Rice was born November 14, 1954, in Birmingham, Alabama. She earned her bachelor's degree in political science from the University of Denver in 1974, her master's from the University of Notre Dame in 1975, and her Ph.D. from the Graduate School of International Studies at the University of Denver in 1981. She is a fellow of the American Academy of Arts and Sciences and has been awarded honorary doctorates from Morehouse College in 1991, the University of Alabama in 1994, the University of Notre Dame in 1995, the National Defense University in 2002, the Mississippi College School of Law in 2003, the University of Louisville and Michigan State University in 2004, Boston College in 2006, and Air University in 2008.

As a professor of political science, Rice has been on the Stanford faculty since 1981 and has won two of the highest teaching honors—the 1984 Walter J. Gores Award for Excellence in Teaching and the 1993 School of Humanities and Sciences Dean's Award for Distinguished Teaching. After her time as secretary of state, Rice returned to Stanford and is currently the Denning Professor in Global Business and the Economy at the Stanford Graduate School of Business, the Thomas and Barbara Stephenson Senior Fellow on Public Policy at the Hoover Institution, and a professor of political science at Stanford.

From 1989 to March 1991, the period of German reunification and the final days of the Soviet Union, Rice served in the Bush Administration as director, and then senior director, of Soviet and East European affairs in the National Security Council, and a special assistant to the president for national security affairs. In 1986, while serving as an international affairs fellow of the Council on Foreign Relations, she served as special assistant to the director of the Joint Chiefs of Staff. In 1997, she served on the Federal Advisory Committee on Gender-Integrated Training in the Military.

Rice was a member of the board of directors for the Chevron Corporation, the Charles Schwab Corporation, the William and Flora Hewlett Foundation, the University of Notre Dame, the International Advisory Council of J.P. Morgan and the San Francisco Symphony Board of Governors.
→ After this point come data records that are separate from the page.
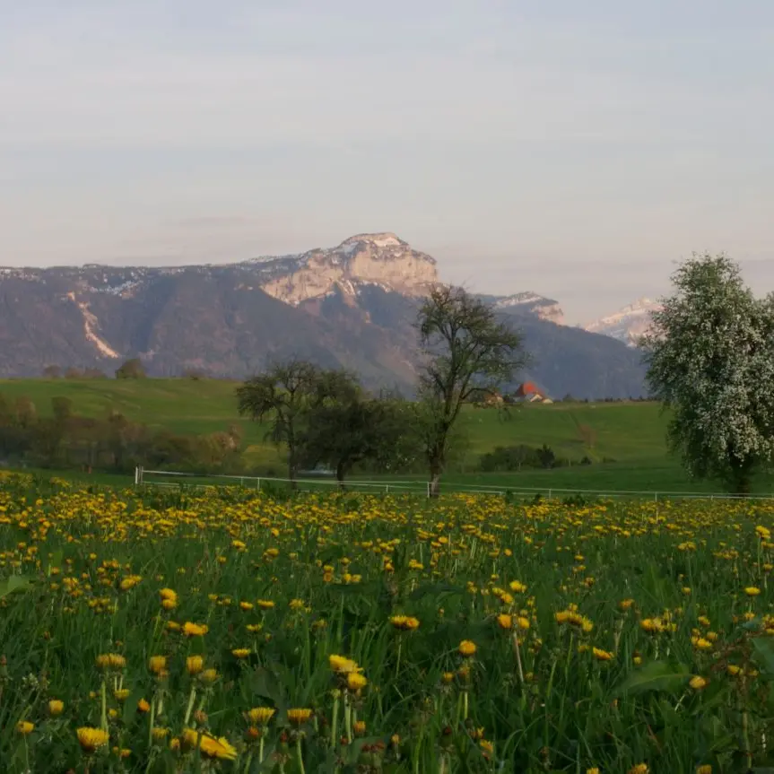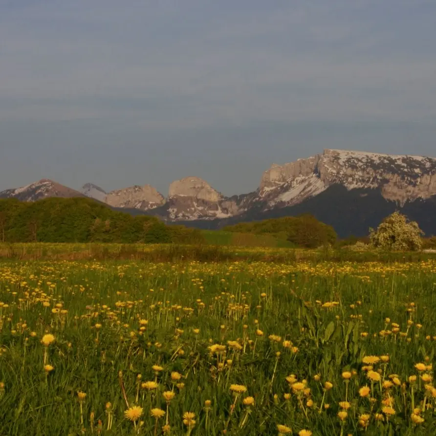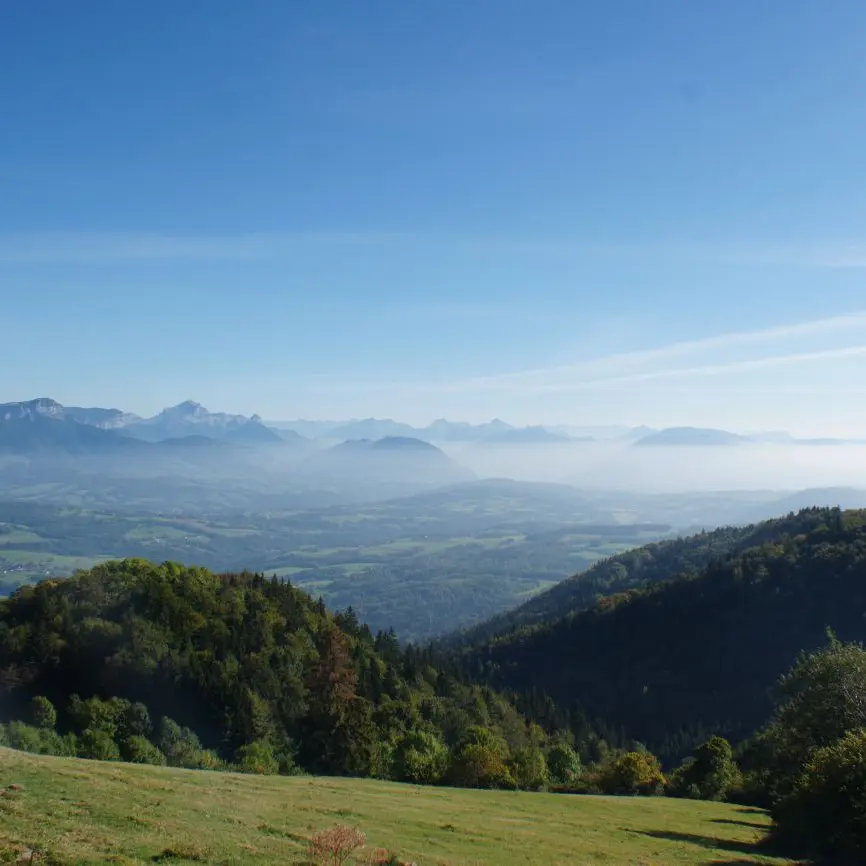 Facing the superb Aravis mountain range, on the foothills of the Salève, discover a magnificent panorama all the way to the Mont-Blanc chain, on the ancient Roman road linking Geneva to Annecy.<br/>It is a piedmont of the Northern Alps, below the Bauges mountains, deeply carved by the tributaries of the Arve, Fier and Usses streams.
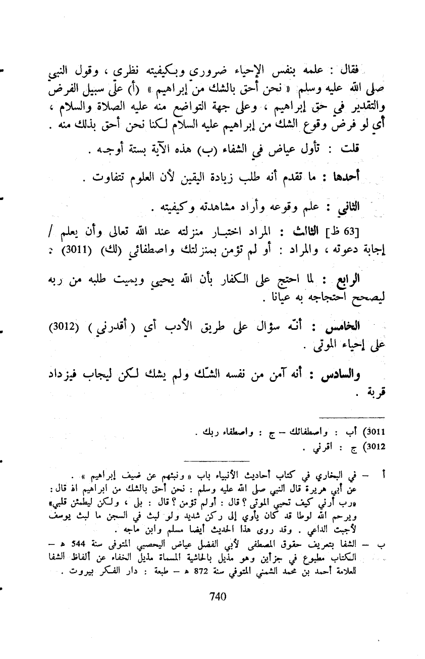 فقال: علمه بنفس الإحياء ضروري وبكيفيته نظري، وقول النبي صَلَّى اللَّهُ عَلَيْهِ وَسَلَّم َ «نحن أحق بالشك من إبراهيم» على سبيل الفرض والتقدير في حق إبراهيم، وعلى جهة التواضع منه عَلَيْهِ الصَّلَاة وَالسَّلَام ُ، أي لو فرض وقوع الشك من إبراهيم عليه السلام لكنا نحن أحق بذلك منه.
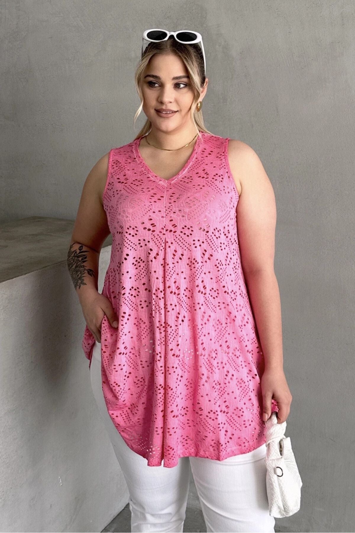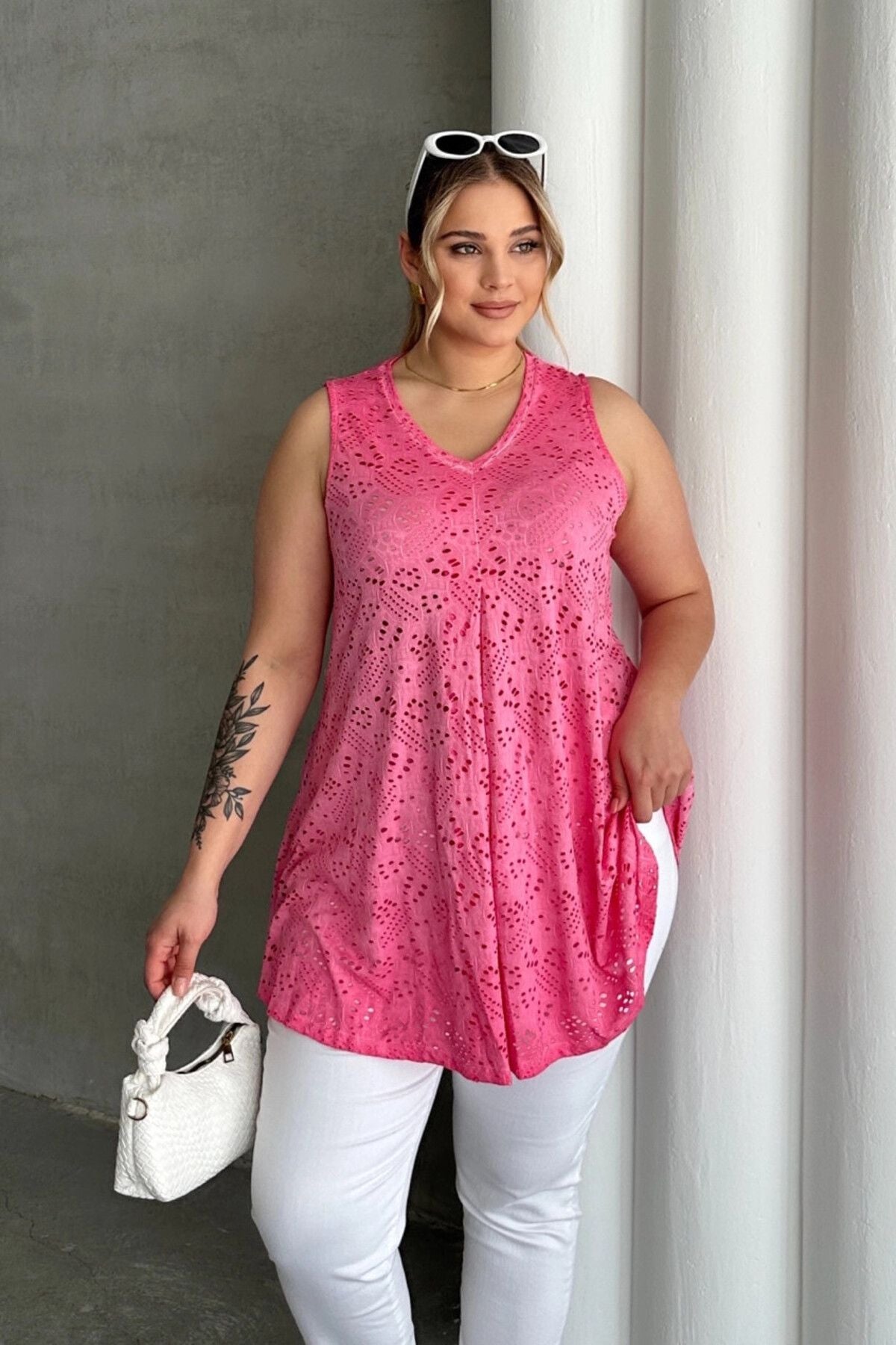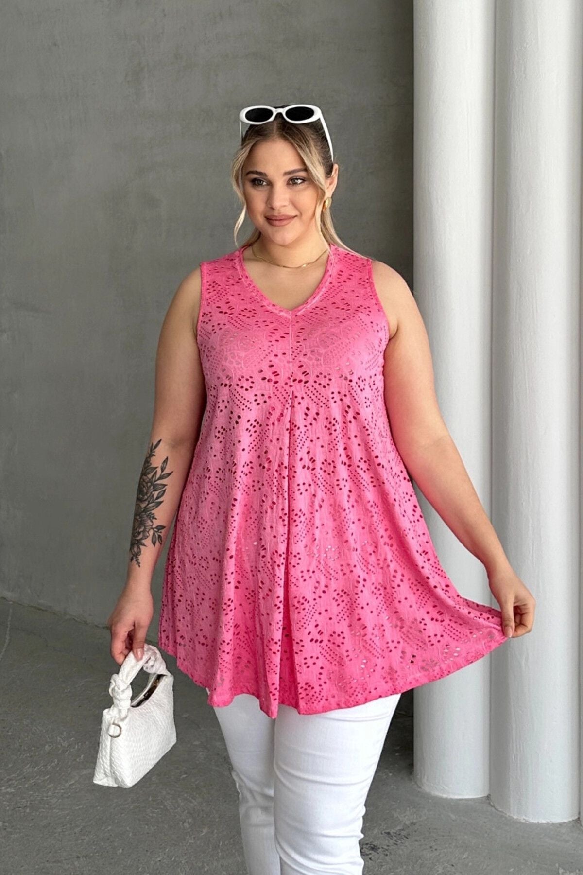 Model Detayı: Lazer Kesim Dantel Desenli, V Yaka, Kolsuz, Salaş Tunik
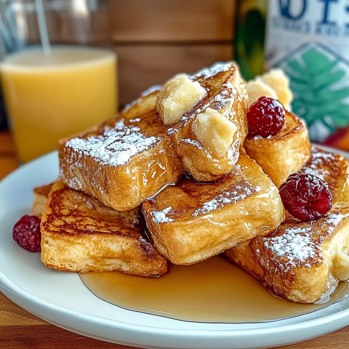 Orange Juice: A glass of freshly squeezed orange juice offers a bright, zesty counterpoint to the rich flavors of the French toast, refreshing your palate.

She was a founding board member of the Center for a New Generation, an educational support fund for schools in East Palo Alto and East Menlo Park, California. Rice was also vice-president of the Boys and Girls Club of the Peninsula. In addition, her past board service has encompassed such organizations as Transamerica Corporation, Hewlett-Packard, the Carnegie Corporation, Carnegie Endowment for International Peace, the Rand Corporation, the National Council for Soviet and East European Studies, the Mid-Peninsula Urban Coalition and KQED, a public broadcasting station for San Francisco. In January of 2020, Rice was announced as the next director of Stanford University's Hoover Institution, a public policy think tank, and will begin that position on September 1, 2020.